Do rzeczy – mam 33 lata, po długiej przerwie w karierze sportowej nastolatka, w związku z poważnymi kontuzjami kręgosłupa, treningi siłowe zacząłem na studiach (13 lat temu). Najpierw jako obowiązkowe zajęcia z WF-u, potem jako walkę ze stresem na ostatnich latach studiów. Niestety po zakończeniu edukacji nie mogłem w rodzinnym mieście odnaleźć siłowni, gdzie panowałby wzajemny szacunek i kultura osobista ćwiczących, a właściciele siłowni nie patrzyliby na mnie jak na pasożyta, ponieważ nie chcę „kupować drugiego karnetu” na źle zwane przez nich „suple”, a w rzeczywistości doping. Dodatkowo charakter i rodzaj pracy, uniemożliwiał mi dłuższe trenowanie niż kilka miesięcy w roku z przerwami – stąd mimo nabywania różnych sprzętów do domowej siłowni od wolnych ciężarów, poprzez ławki, atlas, drabinki gimnastyczne, bardziej zajmowałem się kolekcjonerstwem, niż treningiem.

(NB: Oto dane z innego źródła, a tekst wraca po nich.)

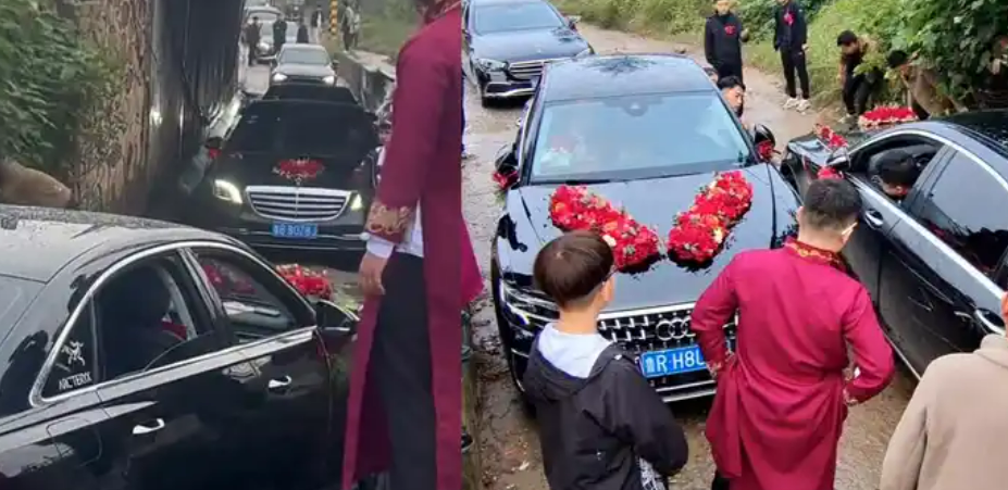 拍摄者告诉记者,最后大家把路边的树枝砍断,扒着路边的树枝车队才擦身而过,最后完美解决,没有耽误中午的拜堂。
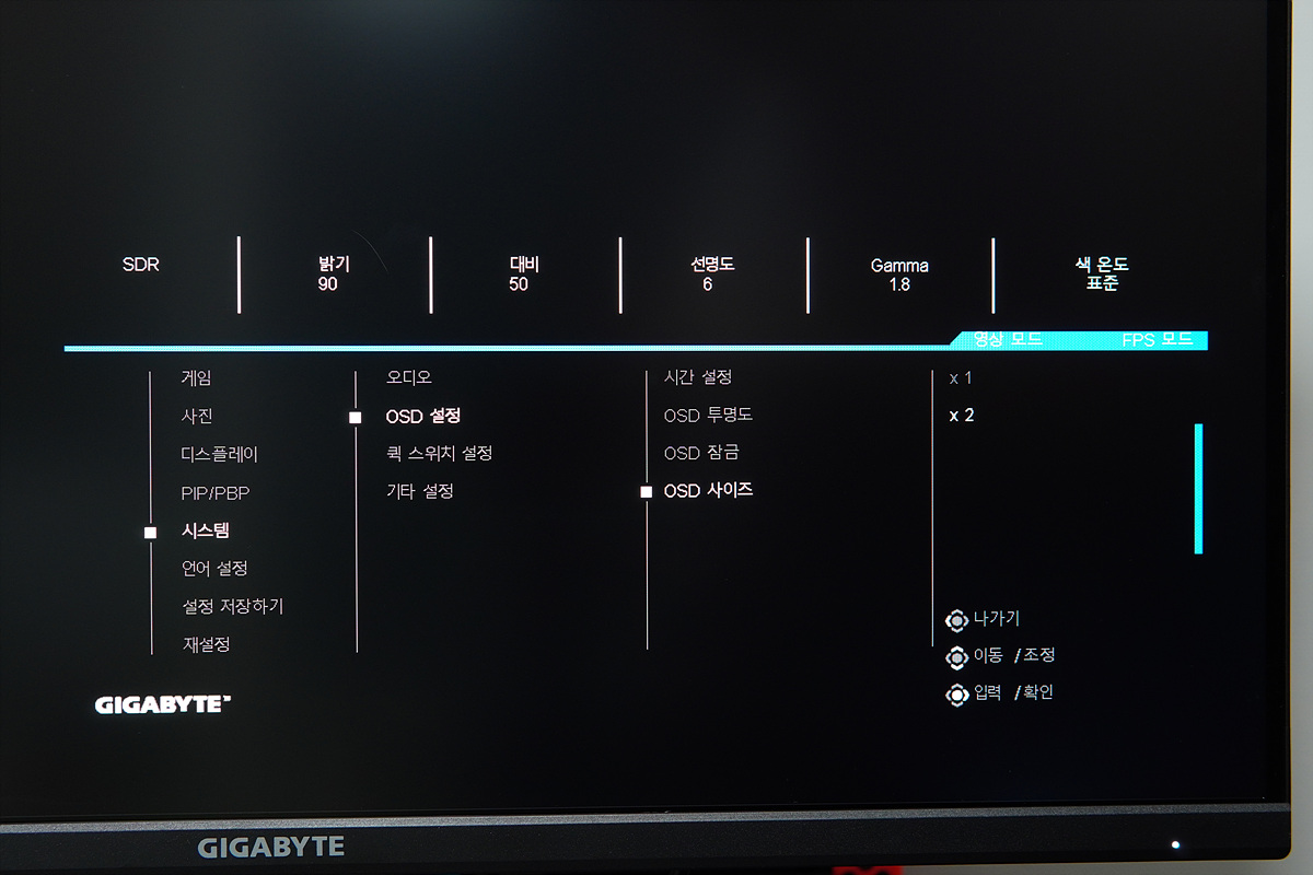 OSD 메뉴가 정말 많게 디테일하게 설정할 수 있는 부분도 좋았지만 기가바이트 모니터들은 이런 기능들을 전용 소프트웨어인 OSD Sidekick으로 더욱 편리하게 사용할 수 있습니다.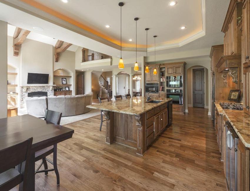 A good solution is to use two different decors or options for contrasting shades, with which you can zone the room. This is clearly shown in the photo of the floor in the kitchen-living room.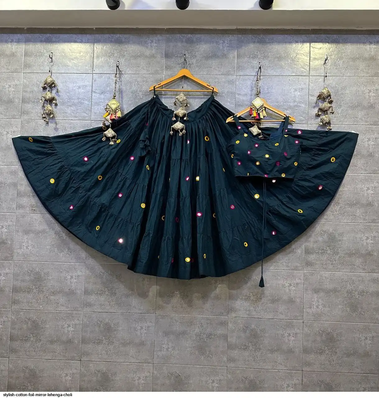 Pure dhabu cotton foil mirror work chaniya and blouse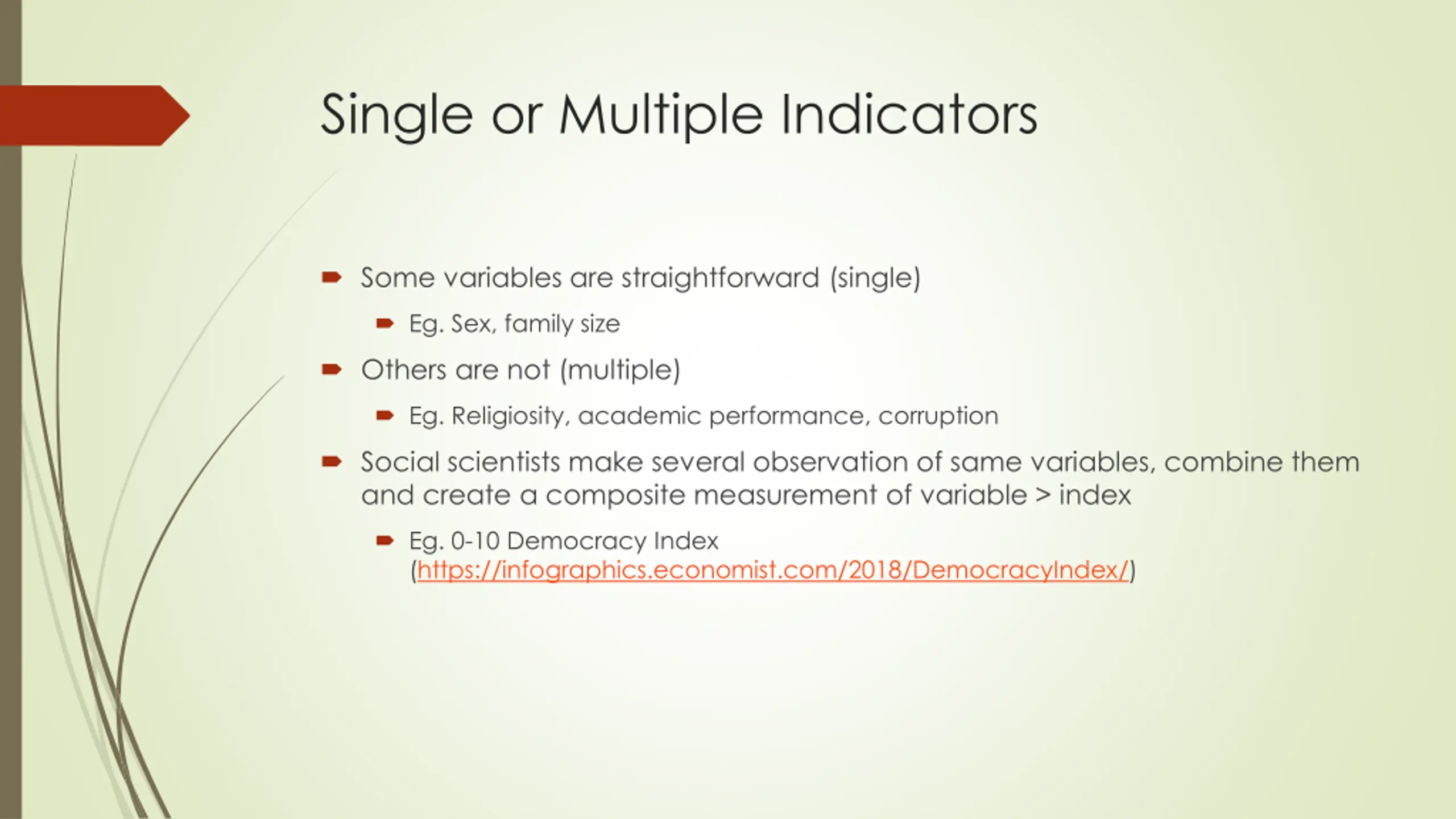 Single or Multiple Indicators Some variables are straightforward (single) Eg. Sex, family size Others are not (multiple) Eg. Religiosity, academic performance, corruption Social scientists make several observation of same variables, combine them and create a composite measurement of variable > index Eg. 0-10 Democracy Index (https://infographics.economist.com/2018/DemocracyIndex/)

Motywacją do rozpoczęcia, najpierw w zeszłym, a po przerwie w tym roku treningu z większą konsekwencją i przemyślanym planem była przerażająca mnie waga 97kg przy 180cm wzrostu, w obliczu zmiany pracy z „biegającej” na „siedzącą”. Czytałem różne artykuły i fora na stronach, poradniki zawodowców i spostrzeżenia „zaciętych” amatorów. Postanowiłem rozpocząć trening od podstawowego FBW, przeplatanego co drugi dzień treningiem aerobowym (najczęściej rower, rolki) lub lżejszym marszem na spacerze z 2-letnim synem Samim (stąd mój nick ;] - może młody kiedyś przejmie pałeczkę/sztangielkę). Ostatnio udało też mi się zebrać w sobie i spróbować sił w joggingu, jako aeroby.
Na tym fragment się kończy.